When I was a young man, working through a medical course in the 1960s, there were 10,000 psychiatric beds in the State of Victoria. That is, in a population of about 3 million. Now our population has doubled and the number of psychiatric beds has fallen by about 80%. We spent weeks and weeks’ as students’ in the confines of psychiatric hospitals talking to the ‘disturbed’ and ‘mentally ill’. Merely a generation earlier these institutions were called lunatic asylums. The deinstitutionalization of psychiatric care was one of the greatest advances in medical care of the modern era, and it was no accident.
There were many triggers for this movement. David Rosenhan published a landmark study in Science in 1973. He broke every rule in the clinical trial handbook of today, but it worked in 1973. The study was called “On being sane in insane places”. Eight volunteers pretended to hear voices, and were soon admitted to psychiatric hospitals, whereupon they immediately behaved in a completely sane manner. This is not the forum to describe their inpatient experiences, the report is easily available, but seven were finally discharged with a diagnosis of ‘schizophrenia in remission’.

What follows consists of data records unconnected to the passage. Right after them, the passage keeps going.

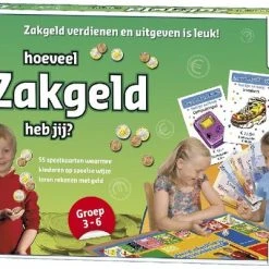 Een vraag die ieder kind bezighoudt als het zakgeld krijgt, is: hoeveel zakgeld krijg ik en hoeveel kan ik ermee doen? In dit bordspel draait het erom zoveel mogelijk zakgeld te verzamelen. En dat kan ook met sparen! Erg leerzaam. Inhoud: speelbord, 55 speelkaarten, speelgeld in uiteenlopende waardes, dobbelsteen, spelregels. Voor 2-6 spelers vanaf 6 jaar.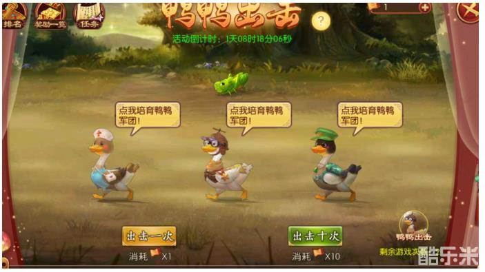 1、活动期间,小主们可点击游戏屏幕右下角的“限时活动”按钮,点击“鸭鸭出击”即可查看并参与活动。活动结束后进军旗清零,鸭饲料在背包内可售卖。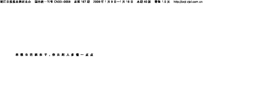 浙江日报报业集团主办 国内统一刊号 CN33-0058 总第167期 2009年1月9日—1月16日 本期40版 零售 1.5元 http://csjr.zjol.com.cn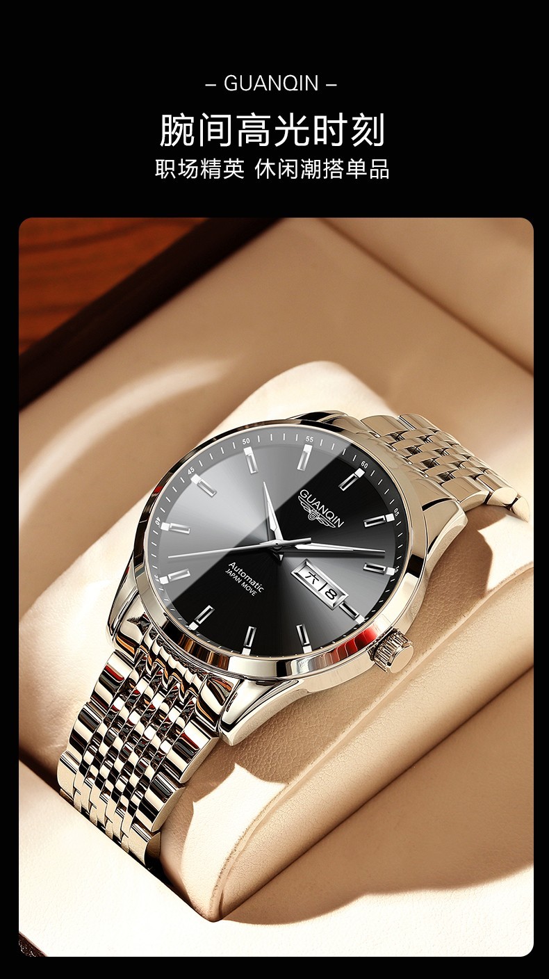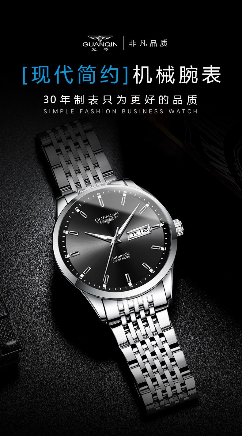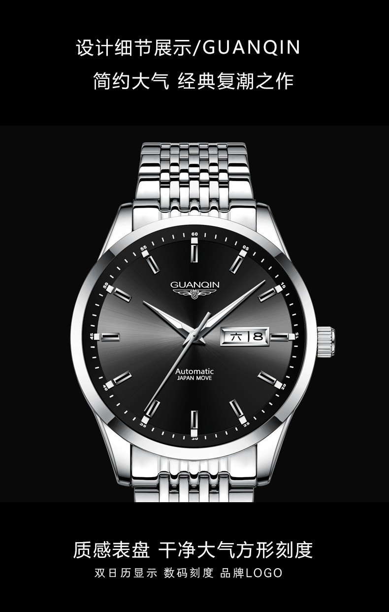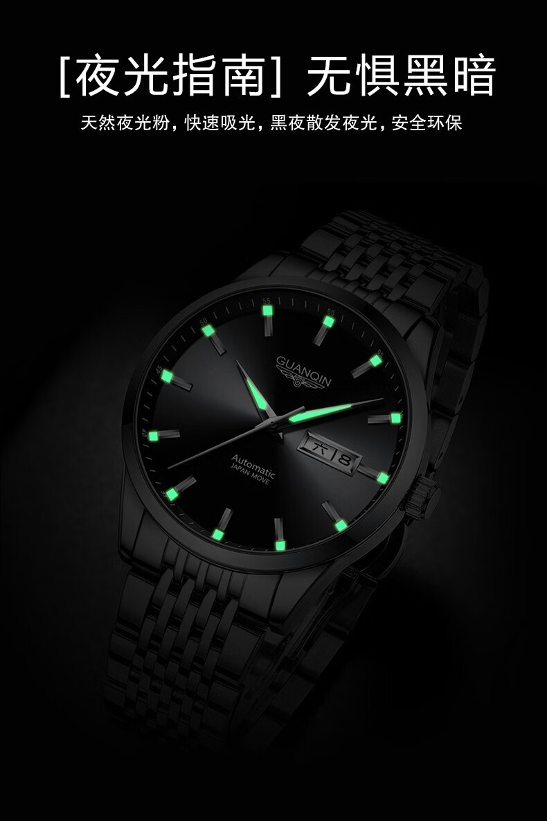 冠琴(GUANQIN)十大品牌手表男士进口机芯全自动机械表双日历夜光防水男表 全黑蓝面【进口机芯】16217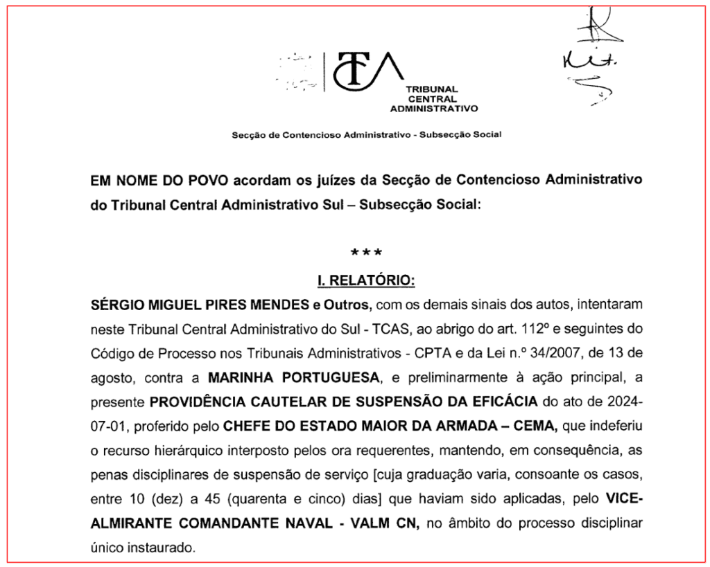 Com efeito, o acto considerado nulo pela TCAS não é um processo que “diz respeito ao castigo aplicado pelo Comandante Naval”. Aquilo que foi considerado nulo foi, objectiva e juridicamente, o acto de 1 de Julho de 2024. citado logo na primeira página do acórdão, “proferido pelo CHEFE DO ESTADO MAIOR DA ARMADA – CEMA, que indeferiu o recurso hierárquico interposto” pelos militares. Ou seja, o acto de Gouveia e Melo.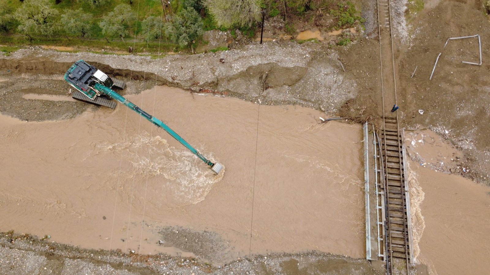 Kabazlı Deresi’nde meydana gelen taşkın nedeniyle demir yolu hattı zarar gördü. Devlet Demir Yolları ekipleri, demir yolu hattında bakım ve onarım çalışması yaparken, Devlet Su İşleri Müdürlüğü ve Salihli Belediyesi ekipleri de dere yatağında temizleme çalışması başlattı. Salihli merkezi ve kırsal mahallelerde ekiplerin çalışmalarına devam ettiği bildirildi. (DHA)
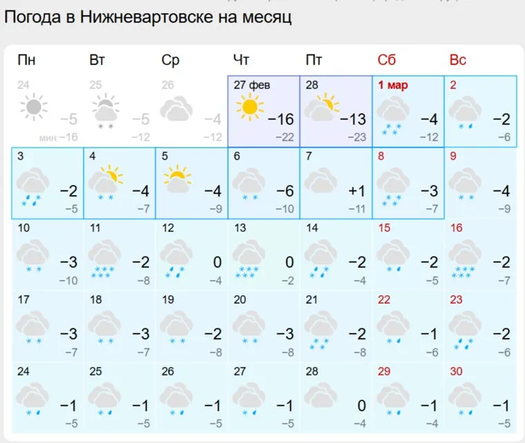 Больше всех погода порадует жителей Нижневартовска. В канун 8 Марта в городе ожидается самый теплый день — столбики термометров поднимутся до +1. А в Сургуте и Ханты-Мансийске в преддверии праздника днем будет холоднее примерно на шесть градусов.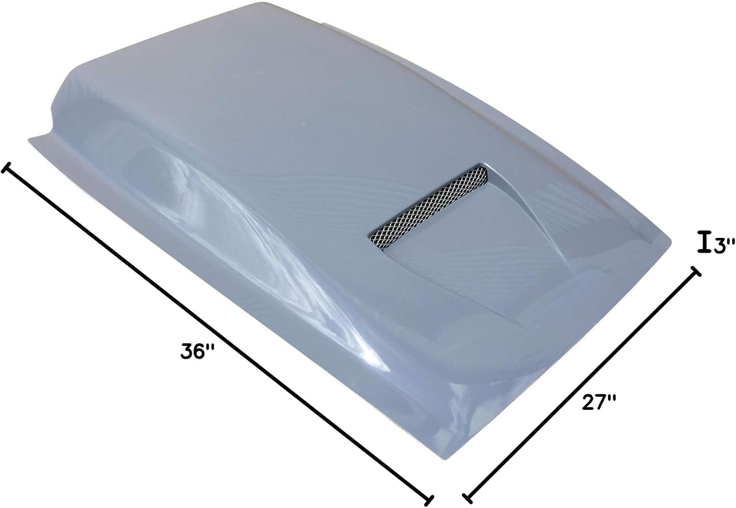 Overall Dimensions: 36" L x 27 W" x 3" H inches Includes removable mesh grill. Material: hand laid fiberglass with gray surface gelcoat. MADE IN USA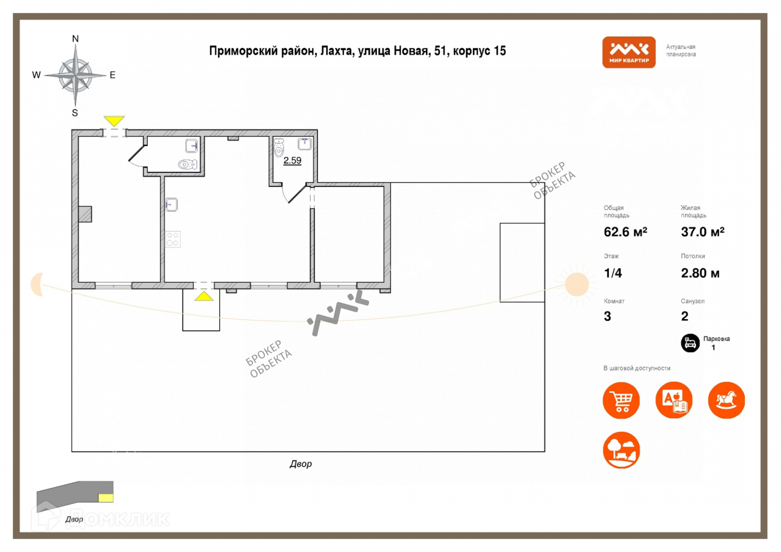 3-комнатная квартира, 62.6 м2, этаж 1 / 4, на продажу в Санкт-Петербурге, Новая улица, 51к15

And the previous year, in 1972, Thomas Szasz published one of the great iconoclastic medical books of last century, The Myth of Mental Illness. To give you an idea of his approach, right at the beginning, on page 11, he writes: ‘bodily illness stands in the same relation to mental illness as a defective television receiver stands to an objectionable television programme’. Szasz then applied a scalpel to entrenched psychiatry, working his way from Hysteria of the 19th Century
through rules and societal acceptance and odd behaviour and game-playing and everything else that psychoanalysts said. I once attended a meeting in the nineties on somatoform disorders mimicking allergy. I asked the guest psychiatrist about his views on Szasz. He replied: ‘Well, Szasz was an essayist’. I think he meant that Szasz was to psychiatry as Nietzsche was to philosophy. Both had the ability and desire to write about complex matters in a populist manner. I also thought that it was a backhanded compliment. But I had, and continue to have, a lot of time for Thomas Szasz. He wrote that the incarceration of the mentally ill was a crime against humanity. He felt that most people labelled as mentally ill were dealing with the personal, social and ethical problems of life in a manner that was different to the majority. He reserved restraint only for those who would harm themselves or others. And Szasz was one of the first psychiatrists to challenge the idea that homosexuality was a form of ‘mental illness’ or ‘disease’.
I remember being especially shaken by his statement that ‘mental illness is a metaphor‘. He believed that minds can be ‘sick’ only in the sense that jokes can be ‘sick’. His assertion that true mental symptoms arise from physical abnormalities in the brain has, of course, proved correct. And, what’s more, neuroscience will sort out those physical abnormalities for us. At the moment, however, we still use the term mental illness, albeit in a non-pejorative way. That’s progress, but until we do away with the term completely, and assert, like Szasz, that it is indeed a metaphor, we will still be hamstrung by history.
Postscript: Thomas Szasz died on September 8th, 2012. He was a man of his time, forgotten by those who assume that automatic incarceration of mentally disturbed people was something that stopped in the 19th Century, or that homosexuality was only thought of as a mental illness in the Middle Ages. But I remember him, and I re-read ‘The Myth of Mental Illness’ regularly to remind myself of the power its words had over me as a young doctor. I can forgive his anti-psychiatric stance that continued to his death. I can forgive his dalliance with Scientology (he was never a member). He, and others like him, liberated tens of thousands of people from institutionalization, and thus paved the way for a more humanistic approach to psychiatry. Is mental illness a metaphor? In his time – yes. He was trying to change a corrupted (as opposed to corrupt) system. Is mental illness still a metaphor today? I’ll let you judge that.